## [WORK ORDER]
Drop the images. Copy every line below character for character.
***** MATERIAL PROVIDED *****
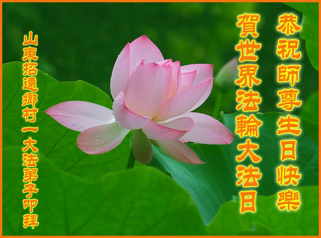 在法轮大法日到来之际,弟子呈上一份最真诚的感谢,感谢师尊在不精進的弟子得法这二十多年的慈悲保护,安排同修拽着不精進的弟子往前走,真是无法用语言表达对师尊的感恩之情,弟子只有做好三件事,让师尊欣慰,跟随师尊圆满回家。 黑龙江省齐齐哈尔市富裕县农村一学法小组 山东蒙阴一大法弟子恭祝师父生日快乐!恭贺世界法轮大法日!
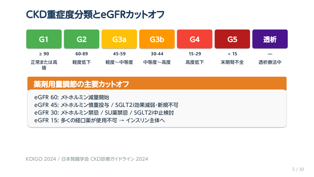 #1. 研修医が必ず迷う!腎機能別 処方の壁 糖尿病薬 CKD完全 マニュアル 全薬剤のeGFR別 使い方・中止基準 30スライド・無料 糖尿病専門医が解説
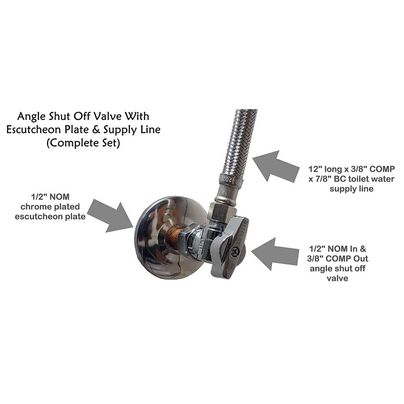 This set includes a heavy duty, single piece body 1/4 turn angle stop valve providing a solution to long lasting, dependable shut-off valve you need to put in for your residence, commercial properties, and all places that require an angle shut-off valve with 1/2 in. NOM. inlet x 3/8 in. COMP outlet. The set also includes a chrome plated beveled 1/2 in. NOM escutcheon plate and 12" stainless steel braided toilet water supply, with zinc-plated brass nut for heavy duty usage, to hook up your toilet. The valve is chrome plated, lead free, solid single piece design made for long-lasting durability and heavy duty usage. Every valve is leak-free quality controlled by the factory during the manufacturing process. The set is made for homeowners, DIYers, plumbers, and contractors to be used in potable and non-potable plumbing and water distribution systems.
*****
## [TASK ANSWER]
 在法轮大法日到来之际,弟子呈上一份最真诚的感谢,感谢师尊在不精進的弟子得法这二十多年的慈悲保护,安排同修拽着不精進的弟子往前走,真是无法用语言表达对师尊的感恩之情,弟子只有做好三件事,让师尊欣慰,跟随师尊圆满回家。 黑龙江省齐齐哈尔市富裕县农村一学法小组 山东蒙阴一大法弟子恭祝师父生日快乐!恭贺世界法轮大法日!
 #1. 研修医が必ず迷う!腎機能別 処方の壁 糖尿病薬 CKD完全 マニュアル 全薬剤のeGFR別 使い方・中止基準 30スライド・無料 糖尿病専門医が解説
 This set includes a heavy duty, single piece body 1/4 turn angle stop valve providing a solution to long lasting, dependable shut-off valve you need to put in for your residence, commercial properties, and all places that require an angle shut-off valve with 1/2 in. NOM. inlet x 3/8 in. COMP outlet. The set also includes a chrome plated beveled 1/2 in. NOM escutcheon plate and 12" stainless steel braided toilet water supply, with zinc-plated brass nut for heavy duty usage, to hook up your toilet. The valve is chrome plated, lead free, solid single piece design made for long-lasting durability and heavy duty usage. Every valve is leak-free quality controlled by the factory during the manufacturing process. The set is made for homeowners, DIYers, plumbers, and contractors to be used in potable and non-potable plumbing and water distribution systems.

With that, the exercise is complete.